The budget calls for an 8 percent tax increase, a number almost half of the 13 percent figure originally included in City Manager Mike Roy’s first budget proposal.


Before budget numbers were finalized, Isgro accused the council of working behind residents’ backs on a tax increase and getting behind the recall to distract from the budget discussion. In the weeks leading up to the recall, he framed the vote as being about tax increases and promised to veto any budget proposal that calls for a more than 3 percent increase.

City officials have said the budget is already lean and they’re already below the self-imposed rule of maintaining a 12 percent surplus.

“Whether that surplus balance should be 8 or 10 or 12 percent, that’s something that’s subject to argument; but it’s not something I would recommend,” Roy said.

He also said the mayor will have to decide Tuesday if he wants to veto the budget and thus enter into an extended budget review process.

“We’ve been doing this since early March and there have been a lot of meetings with different department heads,” Roy said. “I don’t think there’s much new to be learned.”

O’Donnell, who supported the recall of Isgro, was taken aback when told of Isgro’s Facebook post.


“I think that’s ludicrous,” he said. “I’m not happy with the way things turned out, but Nick is still our mayor and we will work with him.”

“The next question is, ‘When is the veto coming down?’ since he’s already promised a veto,” O’Donnell said. “He’s made that promise and therefore he has to follow through. There are some who would say, ‘Just let us know, Nick, how we can get down to that 3 percent.’ I would challenge him to do that.”

Other councilors Wednesday also said they were looking to the mayor for leadership — both on the budget and in bringing a divided city together.

“The council is eager to hear how he will bring the budget down to a 3 percent tax increase,” said Councilor Jackie Dupont, D-Ward 7, in an email. “The recall, as I’ve stated before, is our city’s democratic process to voice dissent. One thousand four hundred seventy-two people who are also our neighbors, friends, and colleagues should not be dismissed. Those residents also voiced their needs, and I hope our leadership will represent them, as well, as we move forward.”

Councilor Winifred Tate, D-Ward 6, said the close margin in the recall indicates the city is “profoundly divided,” and she is hoping leadership can do more work to ensure all residents feel welcome and represented.

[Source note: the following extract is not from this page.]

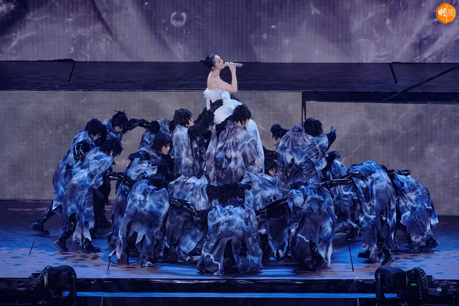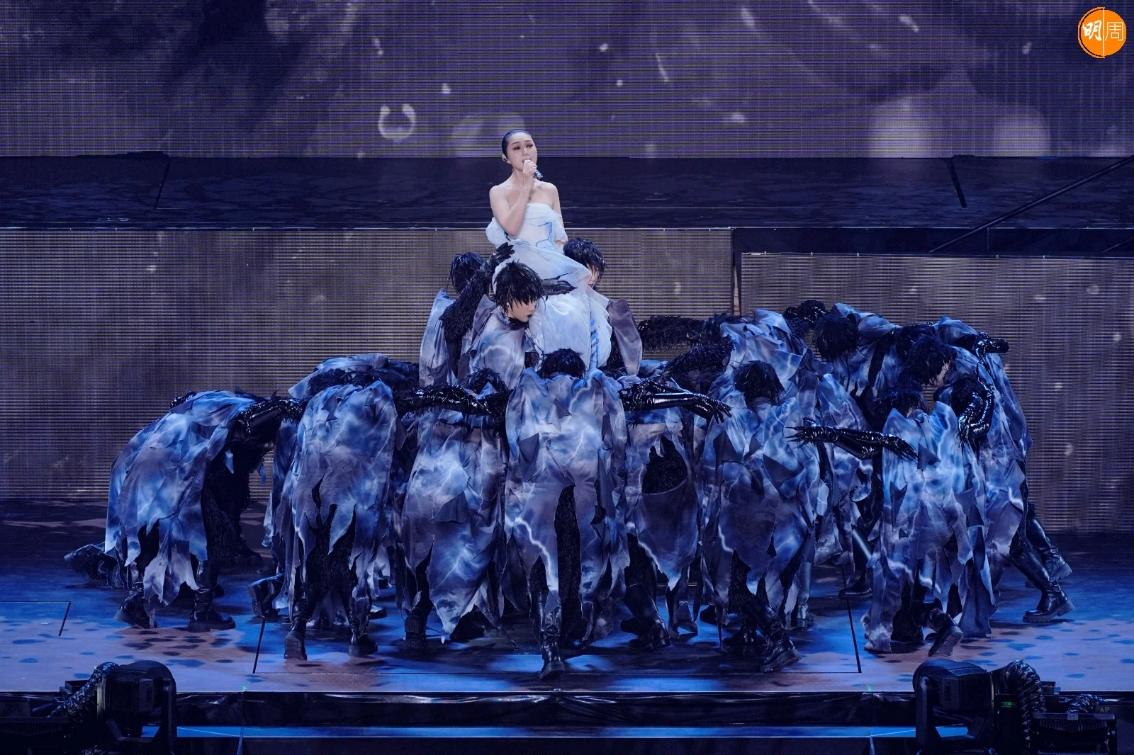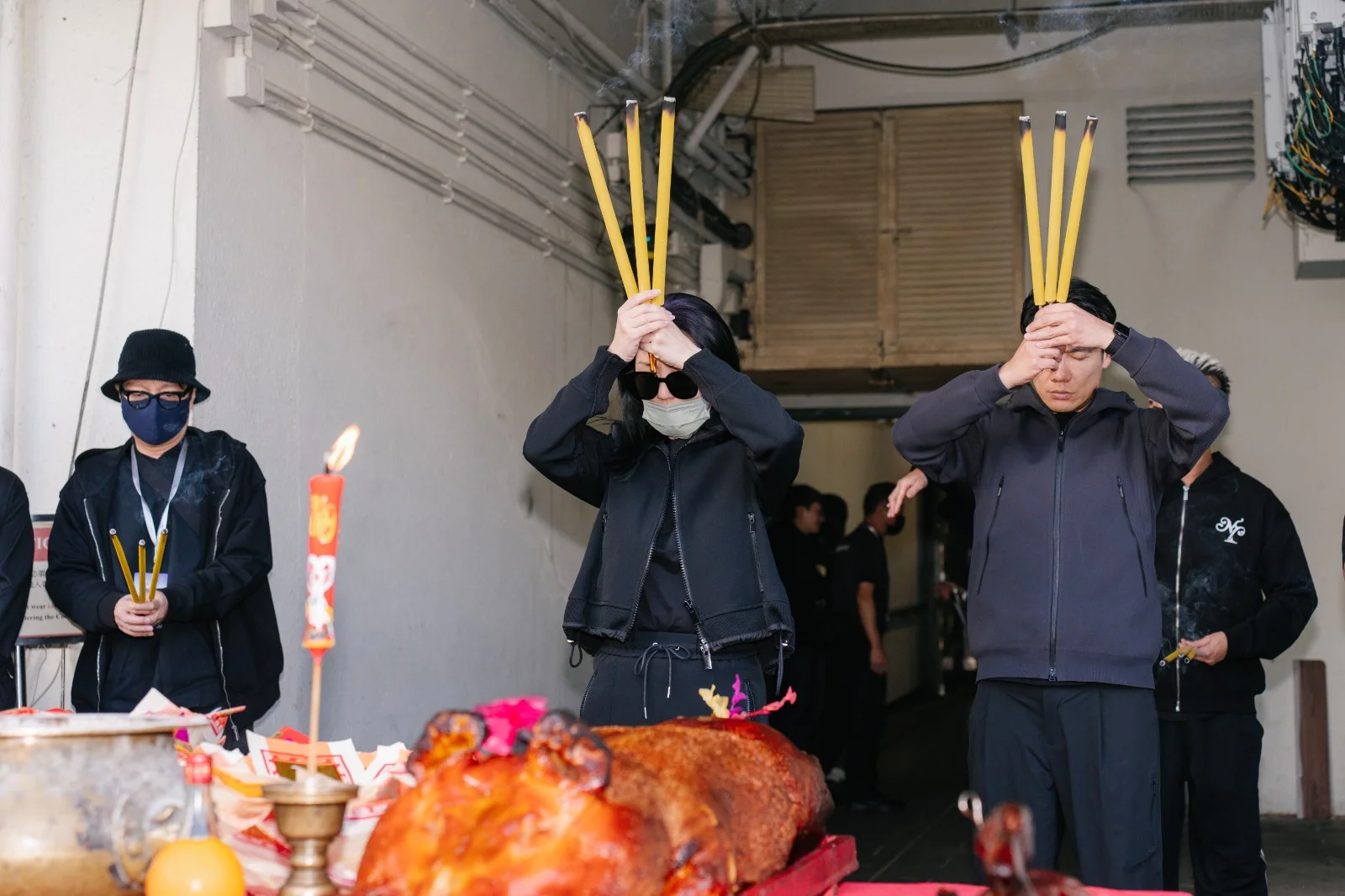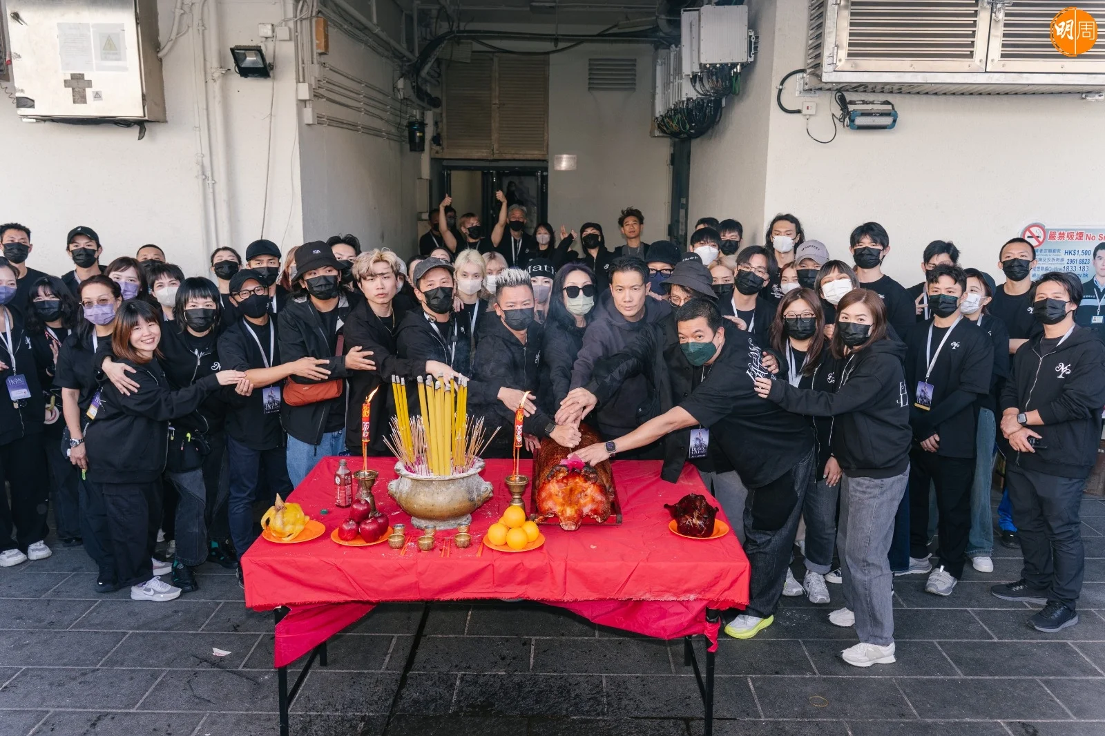 下午的拜神儀式上,全體工作人員自發穿上黑色服裝,以樸素姿態呼應全港連日來的沉痛心情。這份尊重延續至舞台——樂手們一致換上黑色演出服;千嬅的演出造型也連夜調整,捨棄鮮艷,回歸沉靜。其中一件原為紅色的戰袍,經團隊通宵改製,化作黑白金三色,在燈光下低調閃耀。

“The mayor has promised to veto the budget that all councilors worked together to produce and passed unanimously,” Tate said in an email. “Because of declining revenues, the city faces a critical budget shortfall, and reducing the proposed budget will require massive cuts in city programs and personnel. The mayor has not provided any guidance to the council on how to proceed, and he should offer his plan for specific cuts as soon as possible.”

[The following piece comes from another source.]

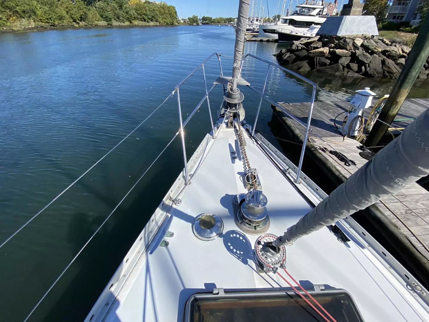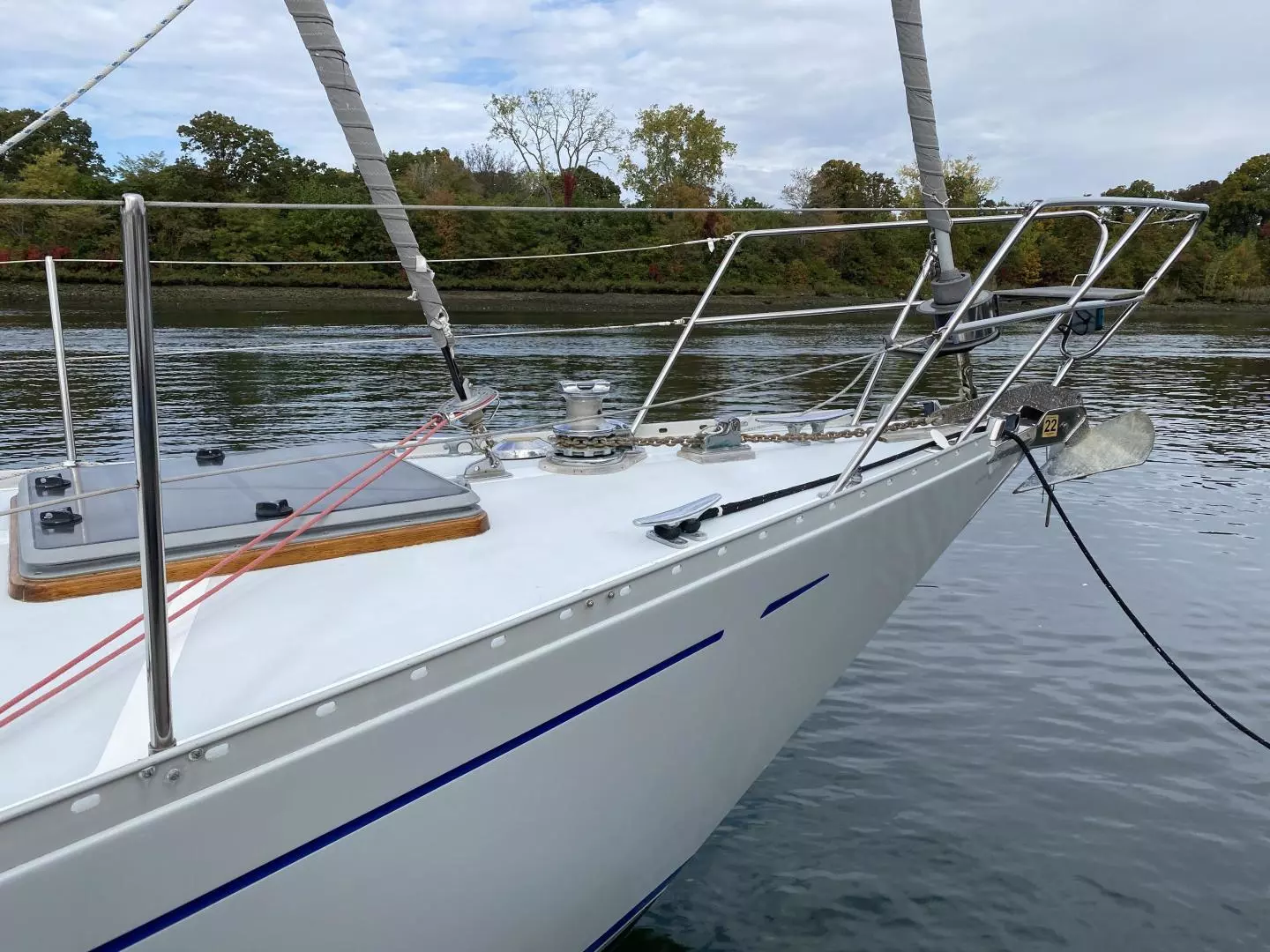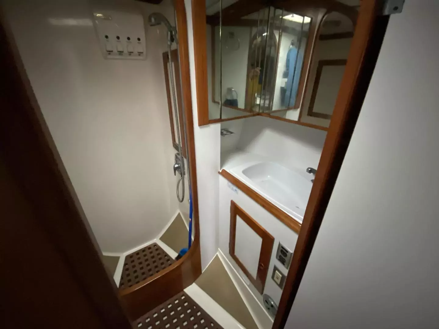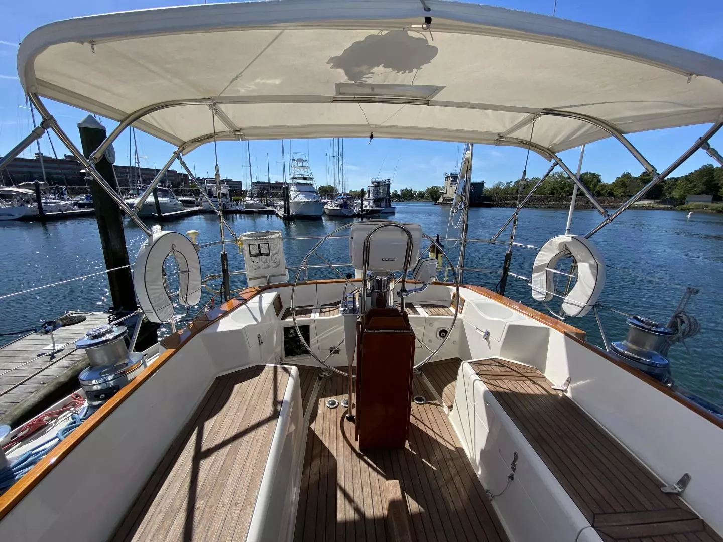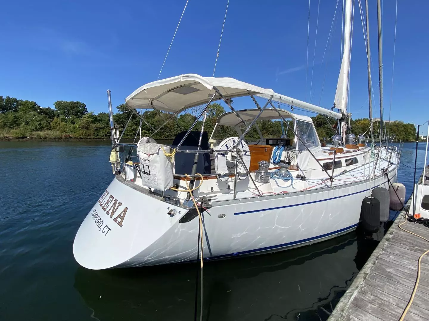 ELENA is easily sailed shorthanded, with furling headsails, electric furling mainsail, electric primary winches, and electronics including AIS and radar. An electric windlass and bow thruster round out the amenities for easy operation. Hydraulic centerboard allows for close-in coastal cruising or deep water performance sailing.

Lessing, who also responded by email, declined to comment on Isgro’s Facebook post but said the recall has shown “how deeply (and almost evenly) divided” the city is.

“We desperately need leadership that will bring us together rather than deepening these divisions,” she said. “The Mayor’s response to the budget that the city council unanimously approved last week — a budget he has promised to veto — will be a test of whether he’s up to this task. I am still waiting to see his plan for keeping budget increases under 3 percent. If he can’t produce a viable alternative, then opposing the city council’s budget will simply sow more fear and division in Waterville.”

Isgro didn’t offer any specifics in his Facebook post Wednesday, but he suggested that the onus is on city officials — not him — to present an alternative budget and reaffirmed his promise to “veto any tax increase over 3%.”

“This certainly includes the gigantic tax hike that the city council unanimously supports,” Isgro wrote. “But it shouldn’t have to come to this. The city council and city manager should be able to work together while considering our voices, so we can keep a Waterville that works for all Watervillians. They can strike a balance that meets critical city needs and also doesn’t price longtime residents out of their homes.”